Israel is expecting its war to spread to Hezbollah in Lebanon. Houthi rebels in Yemen have attacked shipping routes in the Mediterranean, triggering U.S. bombing raids there. Iran launched missiles into Iraq (targeting an Israeli spy base, it says) and Syria (targeting the Islamic State).
We are at a precipice — not of a world war of the kind that twice devastated the world during the last century, but of a slowly burning and spreading conflict that will pull in more and more nations. This makes the calls for ceasefire in Gaza that much more important.
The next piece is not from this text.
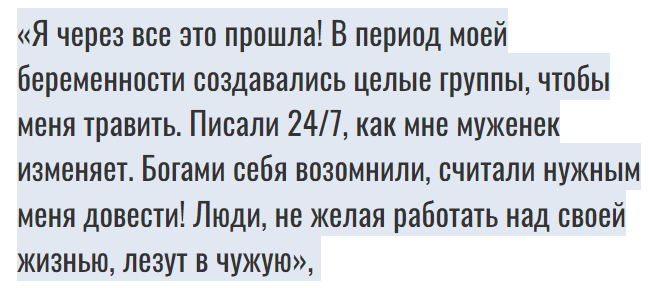 Все это, безусловно, очень больно бьет по чувствам Орловой. Видя ее состояние, коллегу решила поддержать Ксения Бородина. Она вспомнила, что будучи беременной от Курбана Омарова тоже подверглась травле. Ее брутальный муж любил погулять. Завистниц было море. И Бородину стали досаждать сообщениями об изменах Омарова. Стоит отметить, что любая женщина чувствует, когда мужчина ей изменяет. А тут еще и прямо в лицо тыкают этим, группы создают в Сети.

The humanitarian toll in Gaza is astonishing. Israel has imposed a relentless pounding that has shattered the fragile infrastructure of the Gaza strip, perhaps most notably its healthcare system. This only exacerbates the suffering of a population already internally displaced, uprooted from their homes, and subjected to terror.
“In Gaza, the health care system is on the brink of collapse. In any conflict or crisis, access to health care is a question of life or death,” International Federation of the Red Cross Secretary-General Jagan Chapagain said on X.
“Civilian population in Gaza have suffered enough, and healthcare is one of the last remaining beacons of hope. It’s a humanitarian and moral imperative to ensure the people of Gaza can access health care,” Chapagain continued.
The damage and suffering inflicted on Gaza’s civilian population would be viewed as a war crime if inflicted by any other nation (South Africa has accused Israel of genocide). And this is not easy to write, given my background, but Israel — with its corrupt, right-wing leadership and claims of exceptionalism — is in danger of becoming a pariah state. Some will say this is because of international antisemitism, and I certainly will not dispute that antisemitism plays a role. But the images being broadcast from Gaza, horrific images created by Israeli bombs, have erased much of the sympathy that followed Oct. 7.
None of this is to excuse Hamas for its brutality, but Israel cannot keep using Oct. 7 to justify the unjustifiable (the United States did the same thing with 9/11 and the results continue to haunt us), especially when it threatens to spiral into a broader conflict.